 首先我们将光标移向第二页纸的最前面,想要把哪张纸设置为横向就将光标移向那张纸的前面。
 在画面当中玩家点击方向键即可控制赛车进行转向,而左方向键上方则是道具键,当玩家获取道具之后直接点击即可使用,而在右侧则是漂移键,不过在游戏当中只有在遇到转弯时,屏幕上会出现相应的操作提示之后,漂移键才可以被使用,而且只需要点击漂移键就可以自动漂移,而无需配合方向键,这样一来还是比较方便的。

----

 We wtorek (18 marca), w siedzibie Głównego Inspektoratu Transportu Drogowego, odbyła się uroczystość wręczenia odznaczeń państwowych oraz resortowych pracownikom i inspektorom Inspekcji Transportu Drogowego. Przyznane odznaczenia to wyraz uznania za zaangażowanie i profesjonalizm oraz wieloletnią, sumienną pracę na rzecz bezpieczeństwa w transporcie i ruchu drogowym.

----

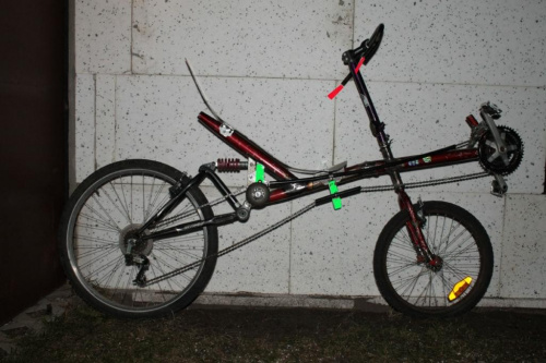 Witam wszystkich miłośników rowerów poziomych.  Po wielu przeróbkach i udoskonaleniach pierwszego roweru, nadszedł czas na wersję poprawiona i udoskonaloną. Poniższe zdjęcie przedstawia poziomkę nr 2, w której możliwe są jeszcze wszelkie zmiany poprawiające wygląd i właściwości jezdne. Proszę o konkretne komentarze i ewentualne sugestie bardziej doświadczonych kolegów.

----

## YOUR INSTRUCTIONS
Above are some lines. Repeat exactly, and only, those from the line that has "首先我们将光标移向第二页纸的" through the line that has "在画面当中玩家点击方向键即可".

## TASK RESPONSE
 首先我们将光标移向第二页纸的最前面,想要把哪张纸设置为横向就将光标移向那张纸的前面。
 在画面当中玩家点击方向键即可控制赛车进行转向,而左方向键上方则是道具键,当玩家获取道具之后直接点击即可使用,而在右侧则是漂移键,不过在游戏当中只有在遇到转弯时,屏幕上会出现相应的操作提示之后,漂移键才可以被使用,而且只需要点击漂移键就可以自动漂移,而无需配合方向键,这样一来还是比较方便的。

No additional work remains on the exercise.